YOUR ASSIGNMENT: For this exercise, transcribe every line of the material exactly and skip the pictures.

SOURCE DATA:
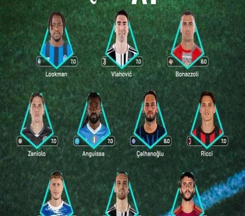 意甲第10轮最佳阵:卢克曼、DV9、扎鸟、恰20、里奇入选
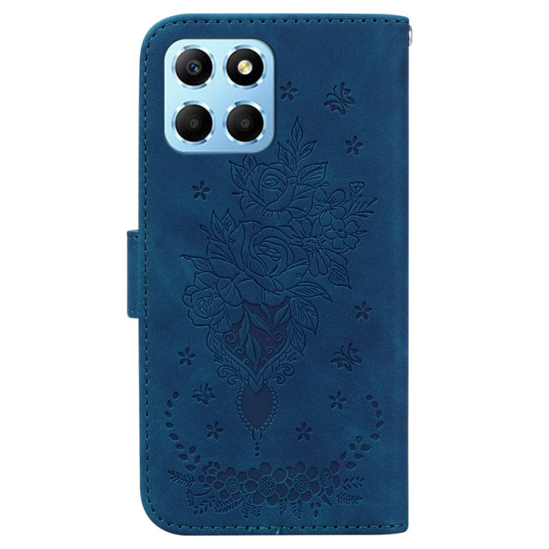 Protégez votre Honor X8 5G avec élégance grâce à cet étui portefeuille en cuir PU. Doté d'un magnifique motif papillon et rose gravé, il offre 2 emplacements pour cartes, un compartement latéral et une fonction support pratique pour visionner vos contenus.
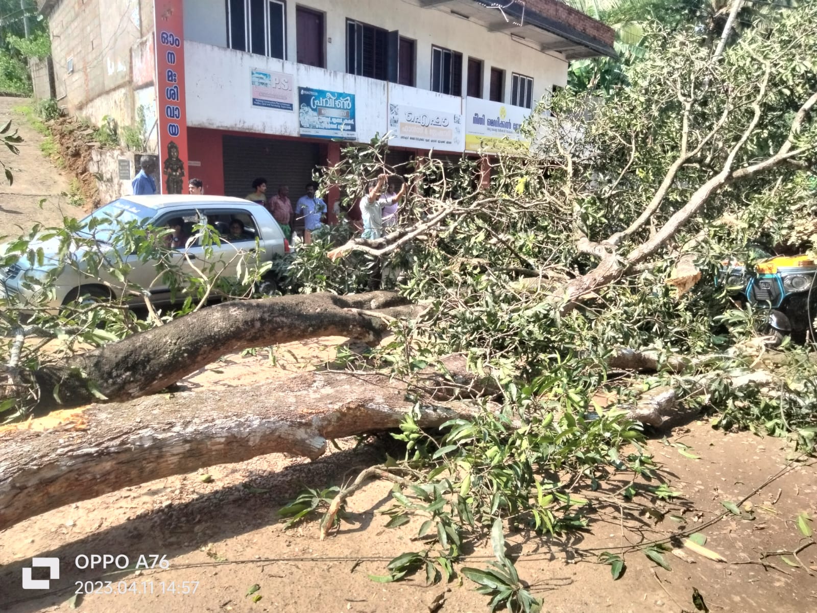 മരം ഒടിഞ്ഞു വരുന്നത് കണ്ടു ആളുകള് ഓടി മാറി . സ്റ്റാന്ഡില് ഉള്ള ഓട്ടോ മുകളിലേക്ക് ആണ് മരത്തിന്റെ ഒരു ഭാഗം നിലം പൊത്തിയത്

SOLUTION TO THE EXERCISE:
 意甲第10轮最佳阵:卢克曼、DV9、扎鸟、恰20、里奇入选
 Protégez votre Honor X8 5G avec élégance grâce à cet étui portefeuille en cuir PU. Doté d'un magnifique motif papillon et rose gravé, il offre 2 emplacements pour cartes, un compartement latéral et une fonction support pratique pour visionner vos contenus.
 മരം ഒടിഞ്ഞു വരുന്നത് കണ്ടു ആളുകള് ഓടി മാറി . സ്റ്റാന്ഡില് ഉള്ള ഓട്ടോ മുകളിലേക്ക് ആണ് മരത്തിന്റെ ഒരു ഭാഗം നിലം പൊത്തിയത്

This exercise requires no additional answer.